Exercise requirements: In the material below, the required lines run from the one containing "迷你自带线快充20000毫安充电宝大容量批发定 制Logo移动电源礼品" through the one containing "2025/26赛季西甲联赛终". Copy those lines exactly, ends included, and nothing else.

Exercise materials:

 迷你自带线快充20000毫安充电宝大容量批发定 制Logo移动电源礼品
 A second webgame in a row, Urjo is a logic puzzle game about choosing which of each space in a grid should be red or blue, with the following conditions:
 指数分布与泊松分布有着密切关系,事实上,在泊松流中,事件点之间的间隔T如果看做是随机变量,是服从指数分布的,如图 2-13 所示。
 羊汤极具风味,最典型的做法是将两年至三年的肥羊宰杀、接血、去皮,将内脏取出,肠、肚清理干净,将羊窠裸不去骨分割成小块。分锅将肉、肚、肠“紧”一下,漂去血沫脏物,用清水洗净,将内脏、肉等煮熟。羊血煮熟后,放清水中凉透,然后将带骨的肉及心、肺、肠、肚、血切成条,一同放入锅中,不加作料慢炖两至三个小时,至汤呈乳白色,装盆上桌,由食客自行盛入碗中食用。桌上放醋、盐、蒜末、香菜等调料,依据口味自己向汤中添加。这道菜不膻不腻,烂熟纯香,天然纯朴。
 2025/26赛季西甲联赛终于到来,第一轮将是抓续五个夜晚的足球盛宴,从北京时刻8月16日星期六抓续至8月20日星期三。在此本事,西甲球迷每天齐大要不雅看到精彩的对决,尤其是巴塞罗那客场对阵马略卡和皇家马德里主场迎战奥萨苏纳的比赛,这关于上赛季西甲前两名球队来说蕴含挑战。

* * *

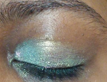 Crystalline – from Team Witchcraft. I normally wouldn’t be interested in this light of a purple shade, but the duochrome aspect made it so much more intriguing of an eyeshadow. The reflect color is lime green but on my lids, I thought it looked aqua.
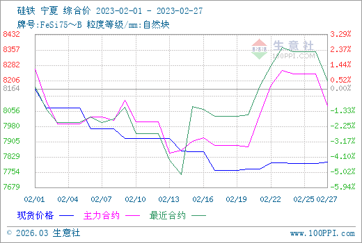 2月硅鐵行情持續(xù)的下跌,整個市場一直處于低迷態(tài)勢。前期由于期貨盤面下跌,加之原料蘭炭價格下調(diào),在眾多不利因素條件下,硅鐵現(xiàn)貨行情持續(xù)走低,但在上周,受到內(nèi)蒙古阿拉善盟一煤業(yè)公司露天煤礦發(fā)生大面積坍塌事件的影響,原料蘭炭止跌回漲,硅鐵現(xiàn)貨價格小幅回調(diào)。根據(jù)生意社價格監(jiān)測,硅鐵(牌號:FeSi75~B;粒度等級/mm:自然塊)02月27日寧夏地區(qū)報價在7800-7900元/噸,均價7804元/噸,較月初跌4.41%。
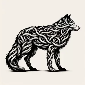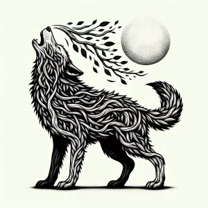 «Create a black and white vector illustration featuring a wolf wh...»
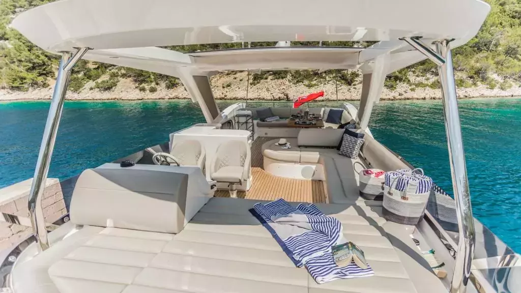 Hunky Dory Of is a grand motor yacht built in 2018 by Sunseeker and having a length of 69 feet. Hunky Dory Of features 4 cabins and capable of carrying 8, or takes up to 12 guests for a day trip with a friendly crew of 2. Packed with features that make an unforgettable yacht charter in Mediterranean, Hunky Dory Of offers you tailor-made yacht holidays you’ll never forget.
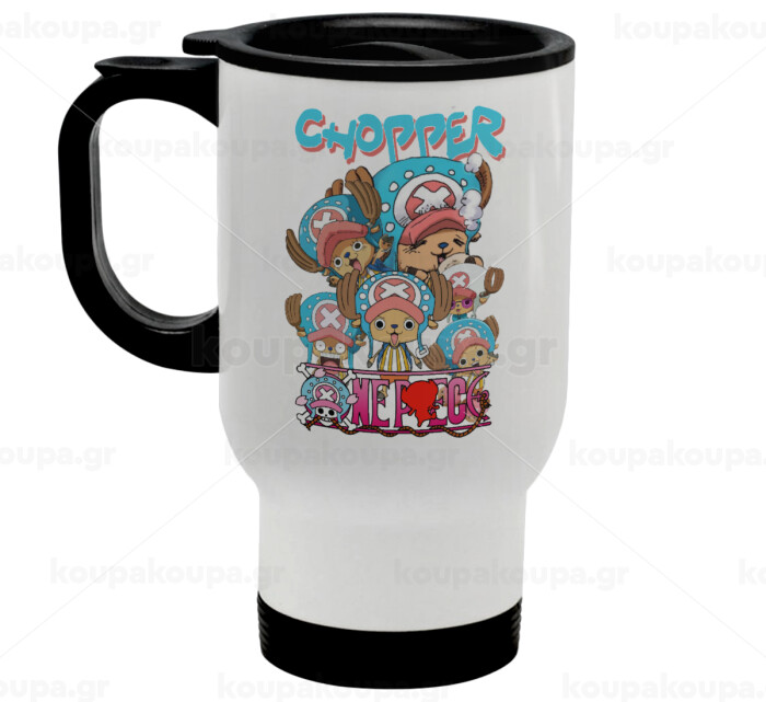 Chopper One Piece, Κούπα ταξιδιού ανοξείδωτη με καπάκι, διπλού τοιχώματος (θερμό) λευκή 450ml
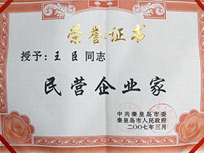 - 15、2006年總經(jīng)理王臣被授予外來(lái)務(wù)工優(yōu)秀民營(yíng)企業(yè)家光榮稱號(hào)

Task output:
 迷你自带线快充20000毫安充电宝大容量批发定 制Logo移动电源礼品
 A second webgame in a row, Urjo is a logic puzzle game about choosing which of each space in a grid should be red or blue, with the following conditions:
 指数分布与泊松分布有着密切关系,事实上,在泊松流中,事件点之间的间隔T如果看做是随机变量,是服从指数分布的,如图 2-13 所示。
 羊汤极具风味,最典型的做法是将两年至三年的肥羊宰杀、接血、去皮,将内脏取出,肠、肚清理干净,将羊窠裸不去骨分割成小块。分锅将肉、肚、肠“紧”一下,漂去血沫脏物,用清水洗净,将内脏、肉等煮熟。羊血煮熟后,放清水中凉透,然后将带骨的肉及心、肺、肠、肚、血切成条,一同放入锅中,不加作料慢炖两至三个小时,至汤呈乳白色,装盆上桌,由食客自行盛入碗中食用。桌上放醋、盐、蒜末、香菜等调料,依据口味自己向汤中添加。这道菜不膻不腻,烂熟纯香,天然纯朴。
 2025/26赛季西甲联赛终于到来,第一轮将是抓续五个夜晚的足球盛宴,从北京时刻8月16日星期六抓续至8月20日星期三。在此本事,西甲球迷每天齐大要不雅看到精彩的对决,尤其是巴塞罗那客场对阵马略卡和皇家马德里主场迎战奥萨苏纳的比赛,这关于上赛季西甲前两名球队来说蕴含挑战。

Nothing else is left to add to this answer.